The main problem I have with Nate’s analysis is that the study’s definition of “close call” is not as “completely arbitrary” as Nate suggests.  Conversely, Nate’s suggested alternative metric – blown calls per game – is much more arbitrary than he seems to think.

First, in the main text of the ESPN.com article, the authors clearly state that the standard for “close” that they use is: “close enough to require replay review to determine whether an umpire had made the right call.”  Then in the 2nd sidebar, again, they explicitly define “close calls” as  “those for which instant replay was necessary to make a determination.”  That may sound somewhat arbitrary in the abstract, but let’s think for a moment about the context of this story: Given the number of high-profile blown calls this season, there are two questions on everyone’s mind: “Are these umps blind?” and “Should baseball have more instant replay?” Indeed, this article mentions “replay” 24 times.  So let me be explicit where ESPN is implicit:  This study is about instant replay.  They are trying to assess how many calls per game could use instant replay (their estimate: 1.3), and how many of those reviews would lead to calls being overturned (their estimate: 20%).

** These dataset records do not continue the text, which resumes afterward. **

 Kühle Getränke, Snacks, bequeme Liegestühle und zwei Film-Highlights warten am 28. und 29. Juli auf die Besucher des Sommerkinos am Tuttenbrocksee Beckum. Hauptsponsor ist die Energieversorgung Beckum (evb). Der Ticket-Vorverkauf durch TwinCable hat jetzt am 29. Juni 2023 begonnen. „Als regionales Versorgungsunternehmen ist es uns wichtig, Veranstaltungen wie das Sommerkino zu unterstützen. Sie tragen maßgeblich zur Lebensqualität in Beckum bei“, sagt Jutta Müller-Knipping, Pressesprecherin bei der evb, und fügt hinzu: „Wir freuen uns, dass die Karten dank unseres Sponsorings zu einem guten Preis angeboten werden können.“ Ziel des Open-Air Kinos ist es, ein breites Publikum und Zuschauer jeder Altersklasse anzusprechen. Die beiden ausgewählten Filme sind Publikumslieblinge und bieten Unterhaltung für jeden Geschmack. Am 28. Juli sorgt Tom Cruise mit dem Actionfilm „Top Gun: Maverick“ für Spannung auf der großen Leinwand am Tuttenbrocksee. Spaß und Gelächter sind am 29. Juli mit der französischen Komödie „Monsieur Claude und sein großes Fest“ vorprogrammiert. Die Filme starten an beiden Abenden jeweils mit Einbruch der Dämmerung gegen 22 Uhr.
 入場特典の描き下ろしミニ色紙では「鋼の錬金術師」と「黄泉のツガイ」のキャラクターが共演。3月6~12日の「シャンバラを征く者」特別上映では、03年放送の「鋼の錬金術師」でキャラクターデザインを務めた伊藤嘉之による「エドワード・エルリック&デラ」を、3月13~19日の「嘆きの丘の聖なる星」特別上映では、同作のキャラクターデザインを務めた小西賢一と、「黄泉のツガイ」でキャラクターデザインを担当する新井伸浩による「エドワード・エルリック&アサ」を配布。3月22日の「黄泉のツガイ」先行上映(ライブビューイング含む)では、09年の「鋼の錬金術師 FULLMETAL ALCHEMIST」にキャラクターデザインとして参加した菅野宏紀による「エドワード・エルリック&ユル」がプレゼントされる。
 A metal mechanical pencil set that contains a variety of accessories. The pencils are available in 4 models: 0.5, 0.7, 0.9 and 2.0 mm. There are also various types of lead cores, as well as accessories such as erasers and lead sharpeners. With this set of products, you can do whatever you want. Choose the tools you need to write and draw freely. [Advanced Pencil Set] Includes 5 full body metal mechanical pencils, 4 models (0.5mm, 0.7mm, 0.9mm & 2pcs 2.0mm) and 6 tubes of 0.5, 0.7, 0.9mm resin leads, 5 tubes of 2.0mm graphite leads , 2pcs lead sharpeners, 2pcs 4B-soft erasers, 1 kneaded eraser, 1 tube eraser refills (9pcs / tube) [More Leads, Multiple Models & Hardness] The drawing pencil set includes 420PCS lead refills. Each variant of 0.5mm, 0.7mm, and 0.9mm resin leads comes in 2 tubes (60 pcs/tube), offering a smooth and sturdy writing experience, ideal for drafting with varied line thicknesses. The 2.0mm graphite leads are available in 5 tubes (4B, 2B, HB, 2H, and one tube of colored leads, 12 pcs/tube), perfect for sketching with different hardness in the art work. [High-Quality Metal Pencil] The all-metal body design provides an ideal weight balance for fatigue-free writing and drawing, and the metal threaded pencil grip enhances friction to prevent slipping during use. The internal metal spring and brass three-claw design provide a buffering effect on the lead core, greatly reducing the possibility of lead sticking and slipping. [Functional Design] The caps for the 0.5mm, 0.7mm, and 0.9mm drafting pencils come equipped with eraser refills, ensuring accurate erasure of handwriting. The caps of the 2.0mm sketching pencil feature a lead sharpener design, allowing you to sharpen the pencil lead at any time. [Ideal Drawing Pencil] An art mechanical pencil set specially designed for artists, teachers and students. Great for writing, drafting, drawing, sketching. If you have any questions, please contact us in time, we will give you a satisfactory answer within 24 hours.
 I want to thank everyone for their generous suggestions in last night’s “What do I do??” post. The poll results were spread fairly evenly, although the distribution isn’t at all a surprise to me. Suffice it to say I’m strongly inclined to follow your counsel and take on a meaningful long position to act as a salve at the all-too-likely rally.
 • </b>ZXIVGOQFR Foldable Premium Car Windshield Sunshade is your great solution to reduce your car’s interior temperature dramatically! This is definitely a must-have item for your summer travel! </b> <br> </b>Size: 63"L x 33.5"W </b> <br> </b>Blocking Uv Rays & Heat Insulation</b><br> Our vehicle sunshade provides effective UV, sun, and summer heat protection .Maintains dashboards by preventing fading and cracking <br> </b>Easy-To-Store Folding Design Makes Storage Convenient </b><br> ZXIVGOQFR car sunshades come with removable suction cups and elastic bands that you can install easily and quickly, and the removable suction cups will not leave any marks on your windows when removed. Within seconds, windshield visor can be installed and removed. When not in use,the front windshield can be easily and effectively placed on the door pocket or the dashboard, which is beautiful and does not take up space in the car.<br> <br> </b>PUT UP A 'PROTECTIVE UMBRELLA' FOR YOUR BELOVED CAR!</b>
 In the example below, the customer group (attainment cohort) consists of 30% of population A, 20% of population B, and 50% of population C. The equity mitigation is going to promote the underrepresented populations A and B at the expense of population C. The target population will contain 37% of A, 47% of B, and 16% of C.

Second, what’s with a quantitative (sometimes) sports analyst suddenly being enamored with per-game rather than rate-based stats?  Sure, one blown call every 4 games sounds low, but without some kind of assessment of how many blown call opportunities there are, how would we know?  In his post, Nate mentions that NBA insiders tell him that there were “15 or 20 ‘questionable’ calls” per game in their sport.  Assuming ‘questionable’ means ‘incorrect,’ does that mean NBA referees are 60 to 80 times worse than MLB umpires?  Certainly not.  NBA refs may or may not be terrible, but they have to make double or even triple digit difficult calls every night.  If you used replay to assess every close call in an NBA game, it would never end.  Absent some massive longitudinal study comparing how often officials miss particular types of calls from year to year or era to era, there is going to be a subjective component when evaluating officiating.  Measuring by performance in “close” situations is about as good a method as any.

Which is not to say that the ESPN metric couldn’t be improved:  I would certainly like to see their guidelines for figuring out whether a call is review-worthy or not.  In a perfect world, they might even break down the sets of calls by various proposals for replay implementation.  As a journalistic matter, maybe they should have spent more time discussing their finding that only 1.3 calls per game are “close,” as that seems like an important story in its own right.  On balance, however, when it comes to the two main issues that this study pertains to (the potential impact of further instant replay, and the relative quality of baseball officiating), I think ESPN’s analysis is far more probative than Nate’s.